Manual lifecycle management should be used sparingly. Context managers are safer because they guarantee the span is closed even if an exception occurs. Reserve manual management for event-driven or callback-based architectures where context managers are impractical.

Adding Data to Spans

Spans can carry structured data that appears in the dashboard when you inspect them:

from agents import custom_span

with custom_span("database_query", data={"table": "customers", "filter": "premium"}) as span:
    results = await db.query("SELECT * FROM customers WHERE tier = 'premium'")
    # Update span data after the operation completes
    span.set_data({
        "table": "customers",
        "filter": "premium",
        "row_count": len(results),
        "duration_ms": query_duration,
    })

Attaching data to spans transforms traces from simple timing records into rich debugging artifacts. When a query returns zero rows unexpectedly, the span data shows you the exact filter that was applied without requiring you to reproduce the issue.

Instrumenting Tool Functions with Custom Spans

While the SDK auto-traces tool invocations, you might want finer granularity inside complex tools:

from agents import function_tool, custom_span

@function_tool
async def analyze_document(document_url: str) -> str:
    """Download, parse, and analyze a document."""
    with custom_span("document_download"):
        content = await download_document(document_url)

    with custom_span("text_extraction"):
        text = extract_text(content)

    with custom_span("entity_extraction"):
        entities = await extract_entities(text)

    with custom_span("sentiment_analysis"):
        sentiment = await analyze_sentiment(text)

    return (
        f"Document contains {len(entities)} entities. "
        f"Overall sentiment: {sentiment.label} ({sentiment.score:.2f})"
    )

Now when you view the trace, the function_span for analyze_document contains four child spans showing exactly where time was spent inside the tool. This is invaluable when a tool that "usually takes 500ms" suddenly takes 10 seconds — the child spans pinpoint whether the download, extraction, or analysis is the culprit.

Correlating Traces Across Services

In microservice architectures, an agent workflow might call external APIs that have their own tracing.
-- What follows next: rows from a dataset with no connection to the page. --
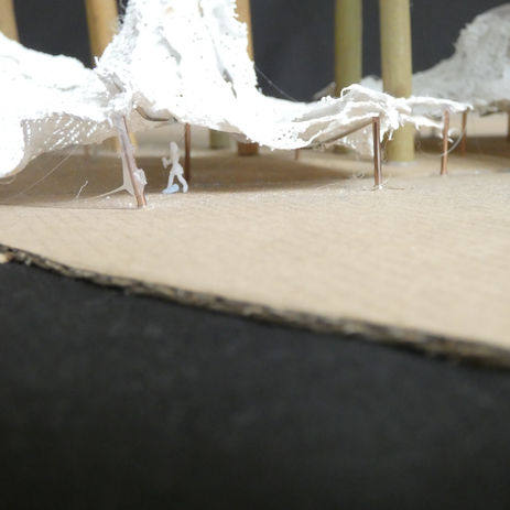 This project took place on the site of the Temple Church in Bristol. The brief outlined a scenario where I was commissioned to design a pavilion. This pavilion was meant to contain a public bar, but due to the complications of the COVID-19 pandemic, this was not possible. Due to the listing of the existing building, I decided to use the gardens that are a part of the site. I designed a modular form inspired by tensile structures for my pavilion. I used this modular form 7 times to create a sheltered area for seating and socialising. The material I would choose for these modular forms would be a PVC coated polyester fabric with a perforated pattern. The aim of this pattern would be to mimic the light coming through a tree canopy. I also designed a glass surround in certain areas to lessen the effects of the elements.
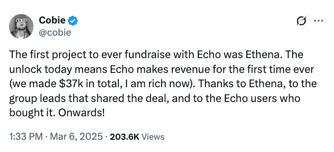 Echo’s first fundraising success was with Ethena, a synthetic dollar protocol that has gained traction in the stablecoin market.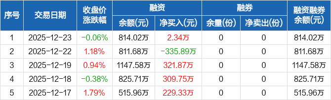 中证500ETF东财:融资净买入2.34万元,融资余额814.02万元(12-23)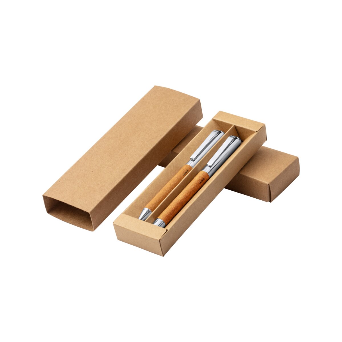 Produkt dostarczany jest w praktycznym, papierowym pudełku, co znacznie ułatwia przechowywanie i transport. Dodatkowo, dzięki zastosowaniu wysokiej jakości materiałów, długopis i pióro z metalu pokryte ekologiczną skórą są wyjątkowo lekkie, dzięki czemu idealnie nadają się do noszenia w torebce lub plecaku.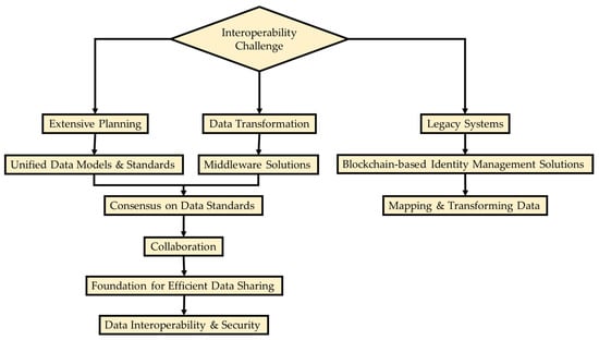 The use of blockchain-based identity management solutions may improve data security and interoperability [51]. These systems provide a safe basis for data transmission by discretely handling patient identities and access rights. The integration process is also made easier by systems that can map and translate data from diverse sources into a uniform format for blockchain [52]. Planning, data transformation, standards consensus, middleware solutions, cooperation, and identity management are just a few of the strategies shown in Figure 2 for overcoming interoperability issues in healthcare blockchain integration.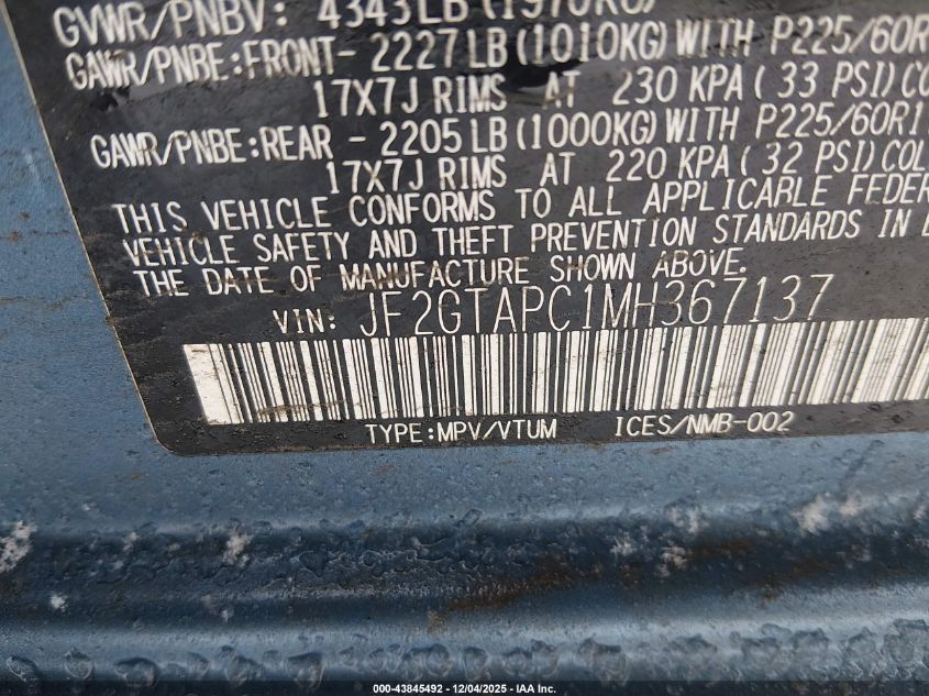 2021 SUBARU CROSSTREK 2021 року Бензин, 2.0, Полный привод, vin - JF2GTAPC1MH367137 из США

You can propagate trace context to enable end-to-end correlation:

from agents import trace, get_current_trace

with trace("cross-service-workflow") as current_trace:
    trace_id = current_trace.trace_id

    # Pass trace_id to downstream services via headers
    response = await httpx.post(
        "https://internal-api/process",
        headers={"X-Trace-Id": trace_id},
        json={"data": payload},
    )

    # The downstream service can include this trace_id in its own logs
    result = await Runner.run(agent, response.text)
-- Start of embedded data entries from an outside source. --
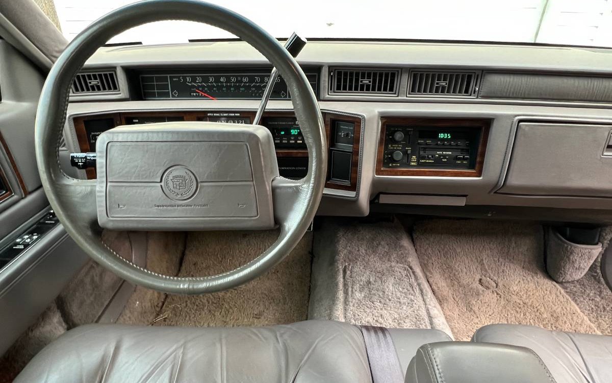 I love that Cadillac was still offering a thick padded Landau-style vinyl top in 1992, I think it suits this car well and adds a nice detail touch. The opera lights on that vinyl top make it even better – or worse, depending on how a person feels about vinyl tops. Some of the photos are extremely wide angle so it’s hard to get a grasp on the condition, but this car is in “mint condition” according to the seller and I believe it.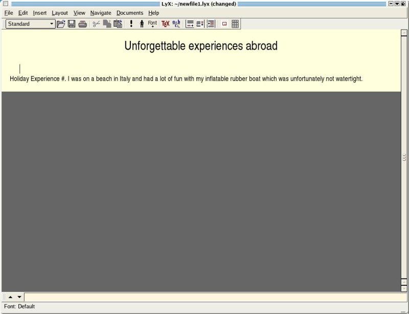 Tras editar este archivo (un_modificado_article.layout), guárdelo en $HOME/.lyx/layouts, reconfigure, reinicie y ¡voilá!, ahora encontrará una clase de documento denominada ''Mis vacaciones'' en el selector de estilo del documento. Aquí tiene un documento ejemplo que utiliza el nuevo archivo de estilo (un_modificado_article.layout). Puede encontrar más información en [3(V. notas)].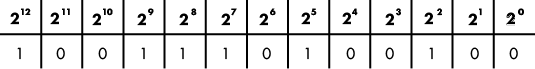 1 × 212 + 0 × 211 + 0 × 210 + 1 × 29 + 1 × 28 + 1 × 27 + 0 × 26 + 1 × 25 + 0 × 24 + 0 × 23 + 1 × 22 + 0 × 21 + 0 × 20 = 5028.
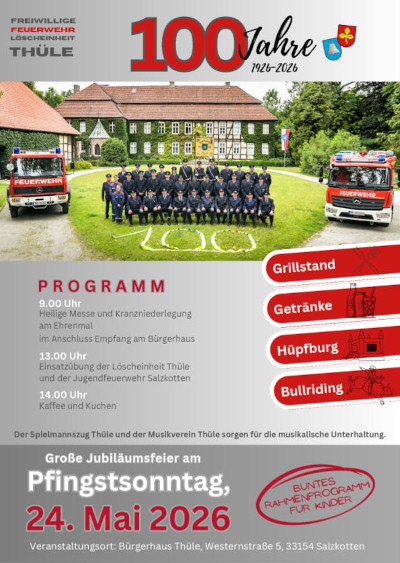 Der Löschzug Lippling der Feuerwehr Delbrück feiert sein hundertjähriges Bestehen mit einem großen Festwochenende von Donnerstag, 30. April, bis Samstag, 2. Mai, auf dem Dorfplatz in Lippling.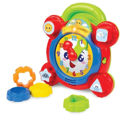 Relógio de aprendizagem ponteiros giratórios 4 blocos classificadores de forma com efeitos sonoros climáticos (Sol, Vento, Nublado e Chuva) Disco giratório mostra dia e noite Efeitos sonoros, melodias alegres e luzes intermitentes"

This pattern lets you follow a request from the user through your agent system and into backend services, creating a unified debugging experience across your entire infrastructure.

Visualization Best Practices

1. Name spans after operations, not implementations — Use "fraud_screening" not "call_sift_api." Operation names remain stable even when you swap providers.
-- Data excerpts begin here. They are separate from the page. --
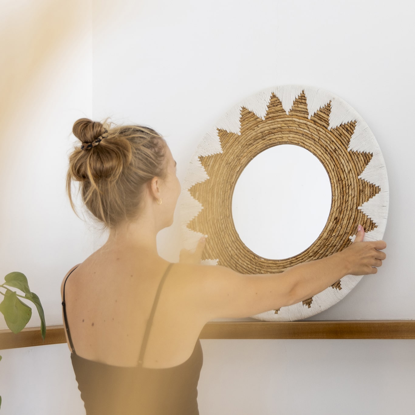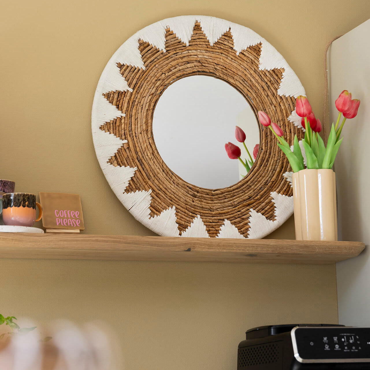 Styling tip: Hang deze spiegel in een lichte ruimte voor een fris effect of combineer met andere wandschalen in de hal, slaapkamer of woonkamer.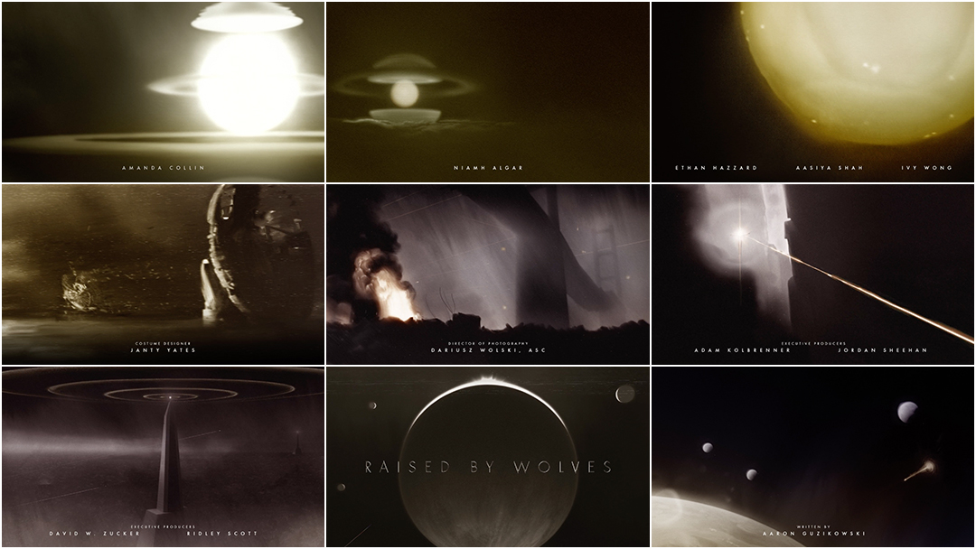 So it’s no big surprise that Raised by Wolves, created by screenwriter Aaron Guzikowski and with Scott on board as executive producer (and director of the first two episodes), uses a similar look for its titles.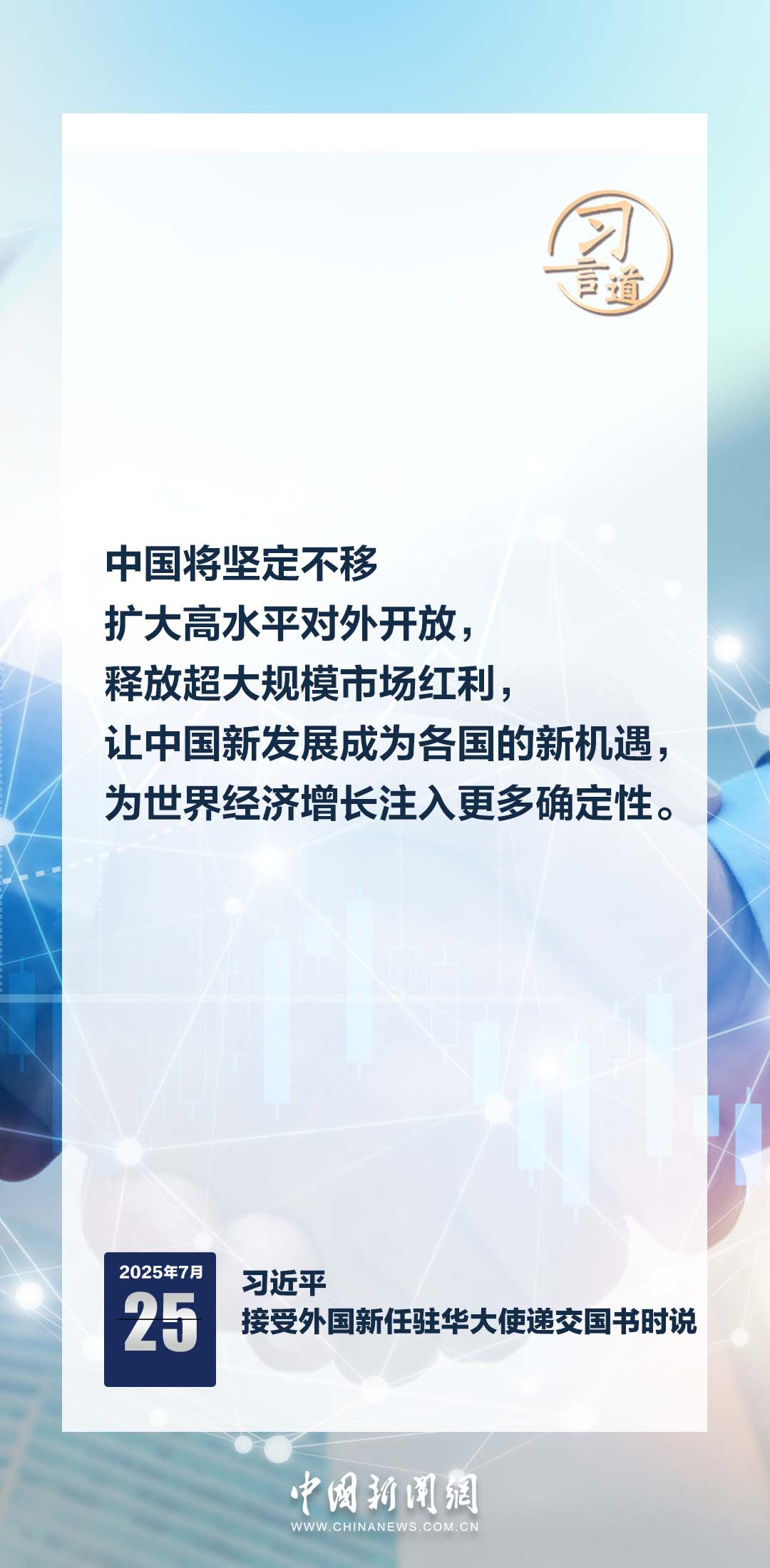 7月25日,国家主席习近平在北京人民大会堂接受16位驻华大使递交国书。仪式结束后,习近平在北京厅对使节们发表讲话。习近平指出——

2. Keep hierarchies shallow — Three to four levels of nesting is ideal. Deeper hierarchies become difficult to navigate in the dashboard.

3. Attach business context as metadata — Include customer IDs, order IDs, and feature flags so you can filter traces by business dimensions.

4. Use consistent naming conventions — Adopt snake_case for all span names and stick to it. Inconsistent naming makes dashboard filters unreliable.

5. Instrument the boundaries — The most valuable custom spans are at I/O boundaries: database calls, HTTP requests, file operations, and message queue publishes. These are where latency hides.

Custom spans and the trace() context manager turn the Agents SDK's built-in tracing from a useful default into a comprehensive observability layer for your entire application.